7 min read
Data Observability: Monitoring Your Data Pipelines
Data observability extends traditional monitoring to data systems. In 2021, as data pipelines became more complex, observability became essential for reliability. Let’s explore how to implement data observability.
The Five Pillars of Data Observability
- Freshness: Is data up to date?
- Volume: Is the expected amount of data present?
- Schema: Has the schema changed unexpectedly?
- Distribution: Are data values within expected ranges?
- Lineage: Where did this data come from?
Implementing Data Observability
from dataclasses import dataclass, field
from datetime import datetime, timedelta
from typing import Dict, List, Optional
import pandas as pd
import numpy as np
from scipy import stats
@dataclass
class DatasetMetrics:
"""Metrics for a monitored dataset"""
dataset_name: str
timestamp: datetime
row_count: int
column_count: int
freshness_seconds: float
schema_hash: str
column_stats: Dict[str, dict]
anomalies: List[dict] = field(default_factory=list)
class DataObserver:
"""Monitor data for anomalies and issues"""
def __init__(self, baseline_days: int = 30):
self.baseline_days = baseline_days
self.historical_metrics: Dict[str, List[DatasetMetrics]] = {}
def observe(self, df: pd.DataFrame, dataset_name: str) -> DatasetMetrics:
"""Collect metrics for a dataset"""
now = datetime.utcnow()
# Calculate column statistics
column_stats = {}
for col in df.columns:
column_stats[col] = self._calculate_column_stats(df[col])
# Calculate schema hash
schema_hash = self._hash_schema(df)
# Determine freshness (assuming a timestamp column exists)
freshness = self._calculate_freshness(df)
metrics = DatasetMetrics(
dataset_name=dataset_name,
timestamp=now,
row_count=len(df),
column_count=len(df.columns),
freshness_seconds=freshness,
schema_hash=schema_hash,
column_stats=column_stats
)
# Detect anomalies
metrics.anomalies = self._detect_anomalies(metrics, dataset_name)

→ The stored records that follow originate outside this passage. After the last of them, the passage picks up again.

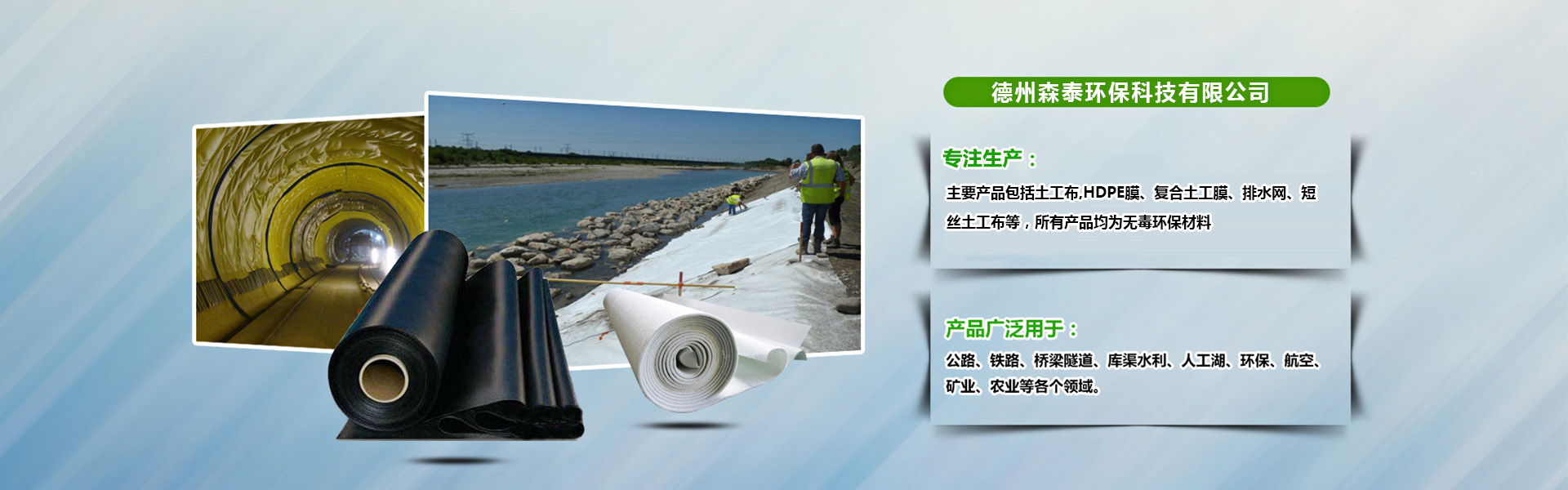 德州森泰環(huán)?萍加邢薰,森泰環(huán)保專注于水利、環(huán)境及生態(tài)修復(fù)技術(shù)研發(fā)及產(chǎn)品制造,并有專業(yè)的施工工程技術(shù)服務(wù)團(tuán)隊(duì)。已完成水利工程100多項(xiàng),環(huán)境工程200多項(xiàng),典型工程包括南水北調(diào)工程、三峽工程、滹沱河防滲工程,保定環(huán)城水系工程、濟(jì)南垃圾填埋場(chǎng)工程,桂林垃圾填埋場(chǎng)工程、大同電廠防滲工程、嘉興火車站防滲工程、黑龍江農(nóng)墾防滲工程等。森泰環(huán)保主要產(chǎn)品包括土工布,HDPE膜、復(fù)合土工膜、排水網(wǎng)、短絲土工布等,所有產(chǎn)品均為無(wú)毒環(huán)保材料,可廣泛應(yīng)用于:1.環(huán)境修復(fù)工程(糧食基地土壤改良、工業(yè)場(chǎng)地、礦業(yè)、水體等工程、蔬菜大棚,養(yǎng)殖,種植等)2.水利工程(江河水庫(kù)、堤壩的防滲加固、水渠的防滲、護(hù)坡等)及市政防滲(地鐵、建筑物的地下工程、種植屋面、屋頂花園的防滲、污水管道內(nèi)襯等)......
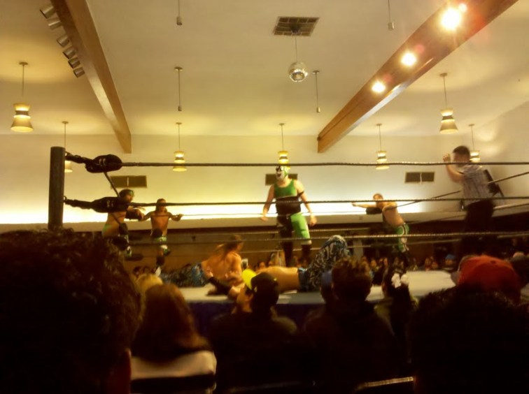 Also, unlike WWE, there is far less menacing glares and a lot more action. Each wrestler has a few signature moves, but mainly each bout is characterized by a lot of rope bouncing and flipping with oversized chops and masked punches. The refs get into the action as well–occasionally getting hit by a wild blow or over-dramatizing counts.
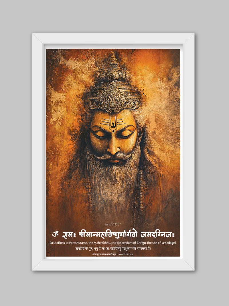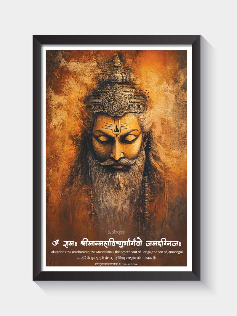 Invoke the power of Bhagwan Parashurama, the warrior incarnation of Vishnu, with this striking frame. The intense artwork, paired with a Sanskrit verse honoring his lineage and strength, makes this a perfect addition for devotees, warriors of Dharma, and spiritual spaces.
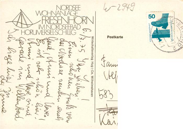 73914343 Schillig Horumersiel Nordseebad Nordsee Wohnanlage Friesenhoern postalisch gelaufen Erhaltung siehe scans [FriedD77] alte Postkarte Frie Katcode 11110003455020
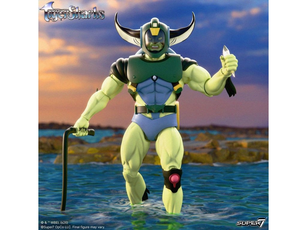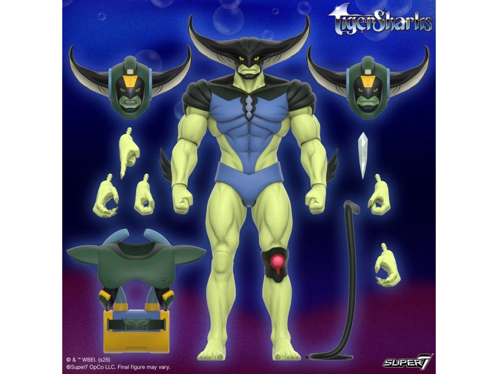 Planeta Water-O je pod útokem, protože Mantanas nemá nikdy dost své destrukce. T-Ray, vůdce Mantanas, je připravený ovládnout planetu a bojovat proti TigerSharks v podobě figurek Ultimates! Díky podrobnému modelování a prémiovým detailům laku je tato vysoce artikulovaná figurka v měřítku 7'' dokonalá pro inscenaci bitev a vytvoření oblíbených momentů ze série TigerSharks. Animovaná série TigerSharks z roku 1987 od produkční společnosti Rankin/Bass Productions sledovala dobrodružství hrdinů, kteří dokázali plavat, potápět se a zachraňovat den, proměnit se z lidí na vodní verze sebe samých, vše díky technologii Fish Tank. Tato akční figurka T-Ray je dodávána s řadou příslušenství, která mu v každé situaci dává převahu, včetně bitevních doplňků, vyměnitelných hlav a různých vyměnitelných rukou. Figurka T-Ray ULTIMATES! je dodávána v sběratelsky příjemném balení s okénkem, s uměním Super7 inspirovaných animovanou sérií. Připravte si poličku vedle akvária a rychle plavte, abyste dostali svou figurku T-Ray ULTIMATES! Příslušenství - 7 x Ruka - 2 x Pěst - 1 x Ukazovací ruka - 2 x Drápovité ruce - 2 x Otevřené ruce - 3 x Hlava - 1 x Křišťál - 1 x Dýchací přístroj - 1 x Bojový bič. Orientační datum vydání: únor 2027

# Store for historical comparison
if dataset_name not in self.historical_metrics:
self.historical_metrics[dataset_name] = []
self.historical_metrics[dataset_name].append(metrics)
return metrics
def _calculate_column_stats(self, series: pd.Series) -> dict:
"""Calculate statistics for a column"""
stats_dict = {
'dtype': str(series.dtype),
'null_count': series.isnull().sum(),
'null_pct': series.isnull().mean(),
'unique_count': series.nunique()
}
if series.dtype in ['int64', 'float64']:
stats_dict.update({
'mean': series.mean(),
'std': series.std(),
'min': series.min(),
'max': series.max(),
'median': series.median(),
'p5': series.quantile(0.05),
'p95': series.quantile(0.95)
})
elif series.dtype == 'object':
value_counts = series.value_counts()
stats_dict.update({
'top_values': value_counts.head(5).to_dict(),
'avg_length': series.str.len().mean() if series.str.len().notna().any() else None
})
return stats_dict
def _hash_schema(self, df: pd.DataFrame) -> str:
"""Create hash of schema for change detection"""
import hashlib
schema_str = str([(col, str(dtype)) for col, dtype in df.dtypes.items()])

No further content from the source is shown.